Last Thanksgiving, Claire Gold* excused herself from dinner after eating what she recalls as “too much.” “I could hear everyone sitting down for dessert, and I remember actively thinking that I could get up and be with them, but I didn’t want to give myself the temptation,” she says. She felt guilty that she skipped out on time with her family. “But for me, the holidays have always been a representation of these drastic pendulum swings, where we’re all sitting down and feasting and then I feel like I need to go work out harder than ever to justify that.”
Sitting down to a holiday feast is meant to bring joy, but for Gold—and me, and others who struggle with disordered eating—it can be one of the worst few hours of the year. So much so, that the National Eating Disorder Association (NEDA) keeps its hotline open on Thanksgiving and Christmas because those are two days that are known to be particularly hard for survivors.
“The holidays can be a particularly triggering time for people who struggle with eating disorders for a whole host of reasons, most predominantly because of both the general focus on food and holiday meals and navigating the sometimes stressful family questions and conversations,” says Jill Daino, LCSW-R, a Talkspace therapist who specializes in eating disorders.
“During this particular time of the year, we’re expected to eat, enjoy, connect, and take pleasure over food, but these are all things that the overarching context of diet culture has made us feel bad about,” adds Christy Harrison, RD, an intuitive eating coach and anti-diet dietician. Diet culture, as Harrison has defined for Well+Good in the past, is a system of beliefs prevalent in American society that equates thinness to health and moral virtue; promotes weight loss as a means of attaining higher health status, moral status, or social status; and arbitrarily labels some foods as “good” and others as “bad.” She says that for many people, the holidays are a “perfect storm of expectations of celebration and ‘indulgence’ meeting up with the demonization of certain foods and the fear of weight gain.”
In the past, at my own Thanksgiving dinners, innocently-intentioned comments like “you go girl!” or “someone’s hungry!” as I scooped a second helping of stuffing onto my plate ended with me crying over the toilet throwing up the meal I spent most of the day cooking. “I’m constantly wondering if I’m being judged taking too much food or going back for seconds, overthinking every single thing that goes onto my plate, and those feelings can be super isolating,” adds Gold. “When I’m on my own I feel totally fine, but when I’m with my family for the holidays, it all resurfaces in a really terrible way.” Cut to an onslaught of restrictive behaviors before the big meal (like not eating the entire day of Thanksgiving to “save up” for dinner), or exercise-based purging in the days that follow.
Compounding these existing triggers is the idea, as Gold alluded to, that the holidays are a time to “work out harder” to “make up for your meal,”—a mindset the fitness industry continues to promote and capitalize on year after year. Trainers spend the weeks between Thanksgiving and New Year’s Day tout the benefits of “torching that turkey” and “burning off the bird,” invoking the societally-ingrained fear of weight gain in order to sell classes and services.

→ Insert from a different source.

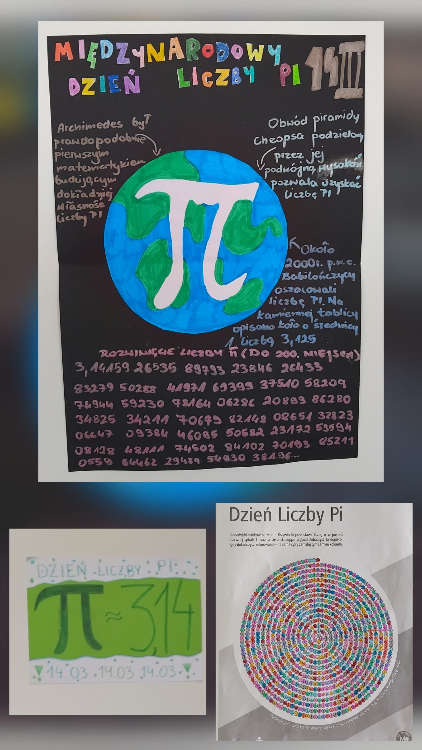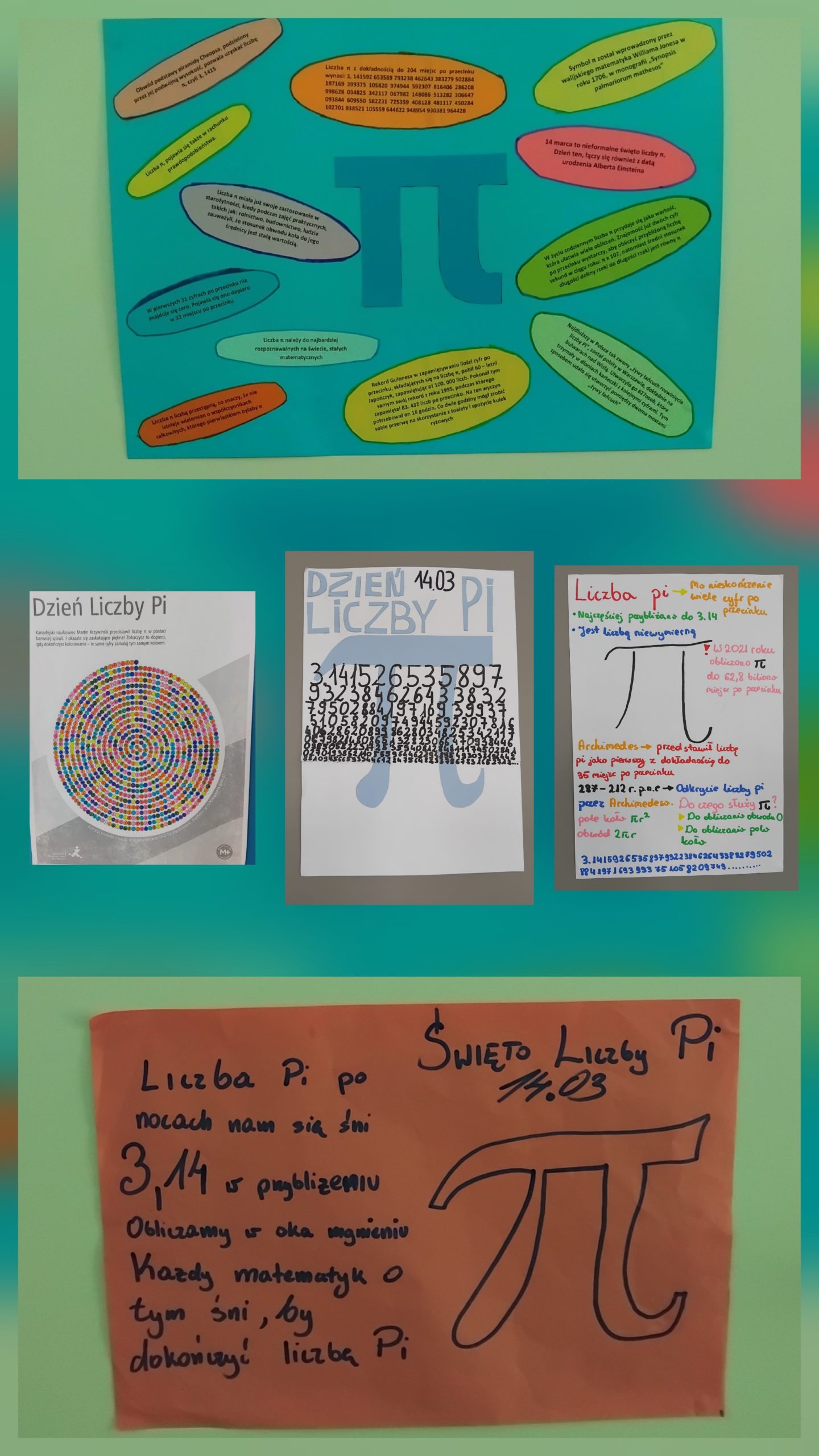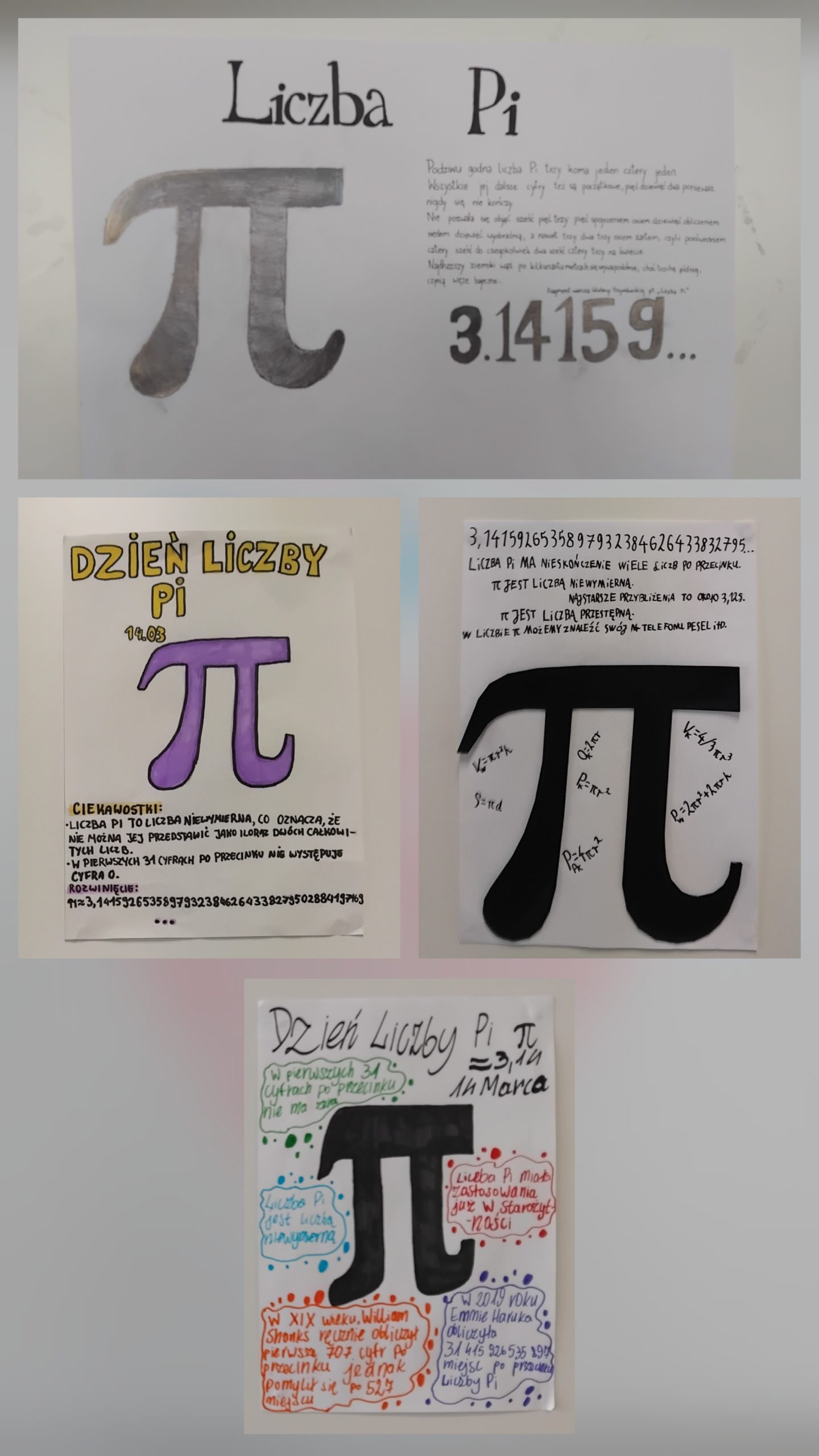 Na korytarzach pojawiły się prace uczniów klasy 8a, dzięki którym uczniowie innych klas mogą poznać historię powstania liczby Pi i ciekawostki z nią związane.

While this language might seem playful and fun at first glance, it can be hugely harmful to people living with or in recovery from disordered eating, says Daino. “There’s this message of ‘you better enjoy it now because you’re going to have to work it off in the New Year,’” adds Harrison. “It creates a sense of dread for people and a push-and-pull between deprivation and ‘indulgence.’”
Adriana Piekarewicz, who has dealt with disordered eating for “as long as she can remember” experiences that push-and-pull every time the holiday season rolls around. “My triggers are all around whether I can work out or not, because I feel like I have to earn my food,” she says. “And if I can’t get in the workout that I feel is necessary then I can’t eat what everyone else is eating.”
While the circumstances of the 2020 holiday season may mean people are missing out on celebrating over big meals with their families, they come with their own set of issues. “Due to the pandemic and safety concerns this year in particular, many people in recovery from an eating disorder might have the added stress of potentially being alone this holiday season,” says Daino, as loneliness can be a big trigger for some folks. (As are the stress and uncertainty of the pandemic itself.)
There’s no easy answer as to how to navigate these situations, but there are small things you can do to get through them as healthily as possible if you find yourself triggered by the holidays. “Try to think of the meal as something that’s delicious and that’s going to take care of you—not as something that you need to save up for ahead of time or compensate for after the fact,” says Harrison. That might mean planning ahead and talking to a therapist or dietitian about what the holiday might look like, what you might eat, and what you plan to do if and when you feel triggered, says Daino.
Daino also suggests trying to create new traditions that take the holiday’s focus away from food, like watching a favorite movie or dressing up in ugly sweaters. And while you’re at it? Throw a big middle finger to any trainer who makes you feel like you need to “earn” your holiday joy. “Torching for the turkey” is a dumb phrase, anyway, and it doesn’t deserve a second thought.
*Name has been changed for privacy reasons.